- TASK PROMPT -
The stretch wanted below opens at the line containing "Sestdien, 28. maijā, Valkas-Lugažu" and closes at the line containing "Bà Nguyễn Thị". Please return it exactly, with no other lines.

- STORED DATA -
• • • • •

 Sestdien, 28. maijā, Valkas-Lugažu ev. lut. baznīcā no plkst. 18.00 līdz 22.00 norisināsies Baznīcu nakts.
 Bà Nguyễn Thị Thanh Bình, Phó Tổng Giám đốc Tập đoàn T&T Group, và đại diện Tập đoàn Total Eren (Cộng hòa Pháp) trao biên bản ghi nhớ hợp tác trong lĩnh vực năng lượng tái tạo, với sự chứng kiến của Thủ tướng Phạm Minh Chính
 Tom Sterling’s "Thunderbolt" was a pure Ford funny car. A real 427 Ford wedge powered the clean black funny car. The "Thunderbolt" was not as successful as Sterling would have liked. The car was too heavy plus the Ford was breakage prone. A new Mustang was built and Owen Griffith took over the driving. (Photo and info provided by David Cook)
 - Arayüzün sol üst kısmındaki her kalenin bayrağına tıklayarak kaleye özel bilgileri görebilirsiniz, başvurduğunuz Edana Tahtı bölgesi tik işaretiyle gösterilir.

• • • • •

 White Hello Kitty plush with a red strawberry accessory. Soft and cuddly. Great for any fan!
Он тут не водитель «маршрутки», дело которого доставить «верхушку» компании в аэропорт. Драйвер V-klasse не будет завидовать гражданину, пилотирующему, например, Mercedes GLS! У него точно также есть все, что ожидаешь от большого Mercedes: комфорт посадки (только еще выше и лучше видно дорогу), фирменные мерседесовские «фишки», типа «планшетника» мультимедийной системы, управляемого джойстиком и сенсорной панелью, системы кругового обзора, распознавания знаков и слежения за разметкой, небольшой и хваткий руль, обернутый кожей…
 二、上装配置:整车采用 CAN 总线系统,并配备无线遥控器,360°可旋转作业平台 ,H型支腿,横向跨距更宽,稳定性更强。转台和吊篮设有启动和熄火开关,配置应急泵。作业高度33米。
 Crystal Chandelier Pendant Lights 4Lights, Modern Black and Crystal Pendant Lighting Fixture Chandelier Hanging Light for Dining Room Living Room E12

• • • • •

- TASK RESULT -
 Sestdien, 28. maijā, Valkas-Lugažu ev. lut. baznīcā no plkst. 18.00 līdz 22.00 norisināsies Baznīcu nakts.
 Bà Nguyễn Thị Thanh Bình, Phó Tổng Giám đốc Tập đoàn T&T Group, và đại diện Tập đoàn Total Eren (Cộng hòa Pháp) trao biên bản ghi nhớ hợp tác trong lĩnh vực năng lượng tái tạo, với sự chứng kiến của Thủ tướng Phạm Minh Chính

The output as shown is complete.